● What is required
Word for word, output every line of the material below, minus pictures.

● Raw data

########

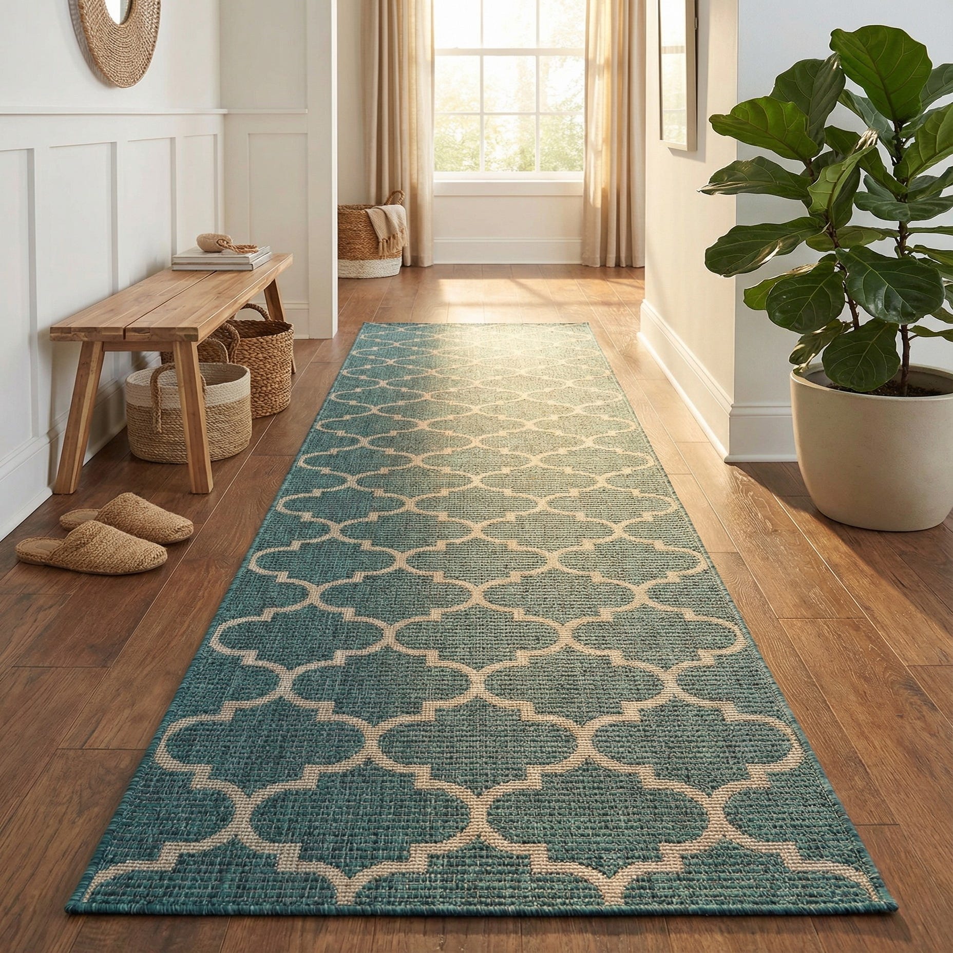 2' 7 x 12' Washable Trellis Indoor / Outdoor Runner Rug
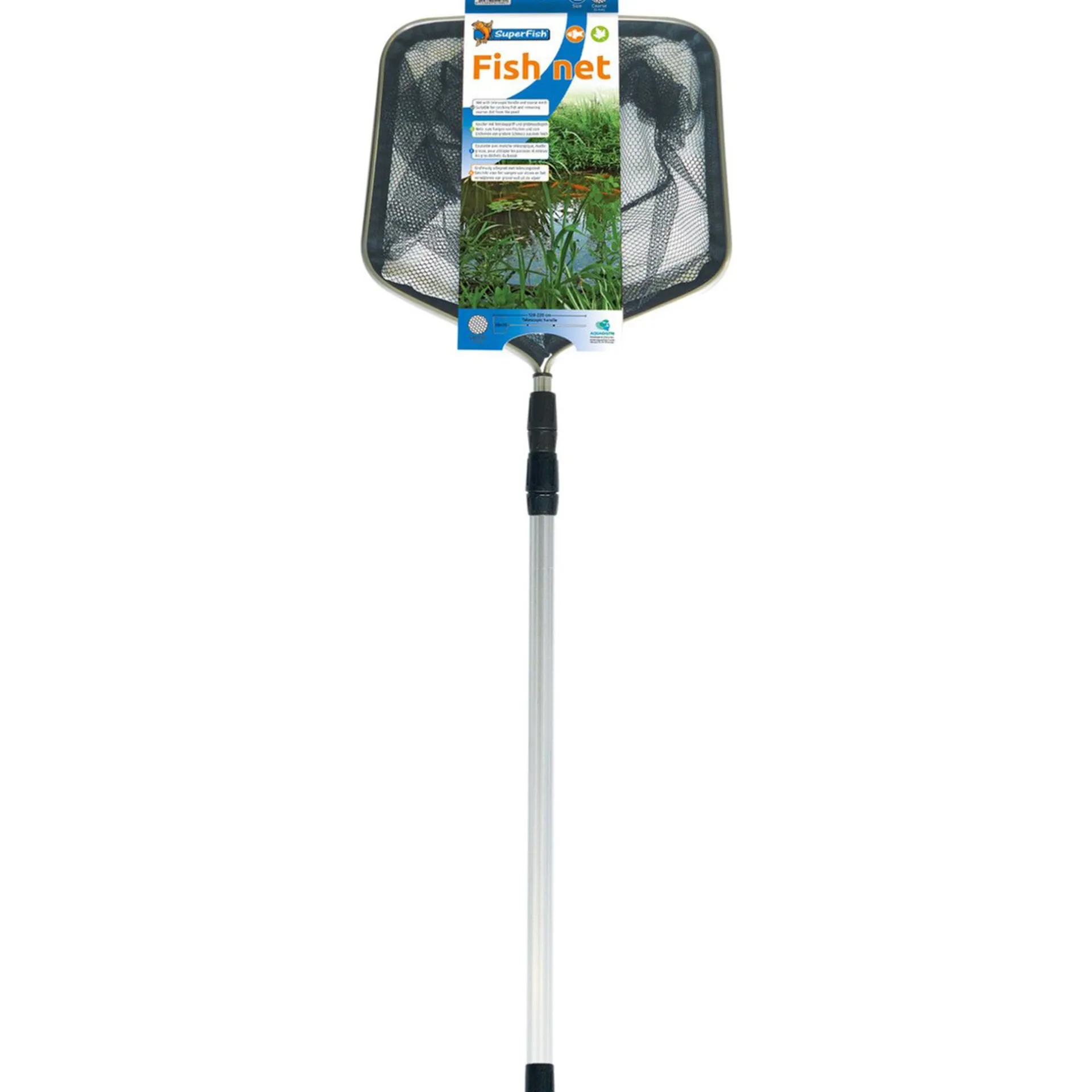 Het Vijverschepnet van Superfish is een onmisbaar accessoire voor iedere vijvereigenaar. Met dit aluminium net met telescopische steel kan je niet alleen vissen vangen, maar ook bladeren en ander vuil uit je vijver verwijderen. Het vijverschepnet heeft een grofmazig net en is licht in gebruik.
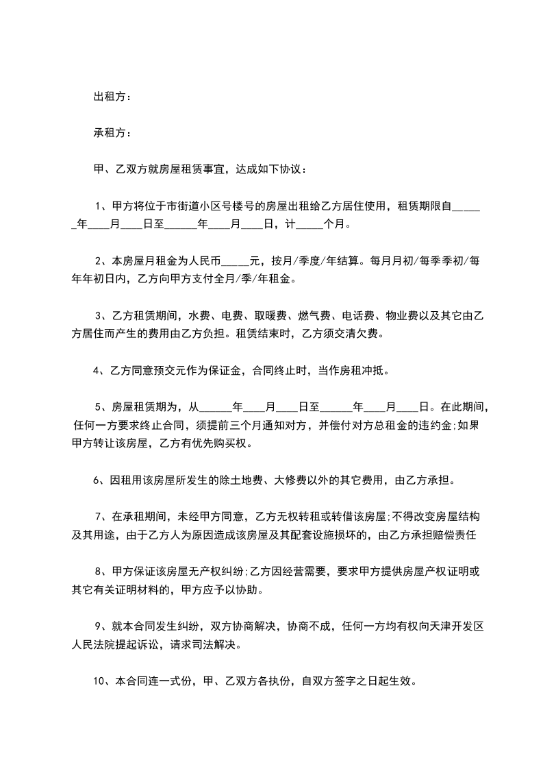 9、就本合同发生纠纷,双方协商解决,协商不成,任何一方均有权向天津开发区人民法院提起诉讼,请求司法解决。

########

● Answer to the exercise
 2' 7 x 12' Washable Trellis Indoor / Outdoor Runner Rug
 Het Vijverschepnet van Superfish is een onmisbaar accessoire voor iedere vijvereigenaar. Met dit aluminium net met telescopische steel kan je niet alleen vissen vangen, maar ook bladeren en ander vuil uit je vijver verwijderen. Het vijverschepnet heeft een grofmazig net en is licht in gebruik.
 9、就本合同发生纠纷,双方协商解决,协商不成,任何一方均有权向天津开发区人民法院提起诉讼,请求司法解决。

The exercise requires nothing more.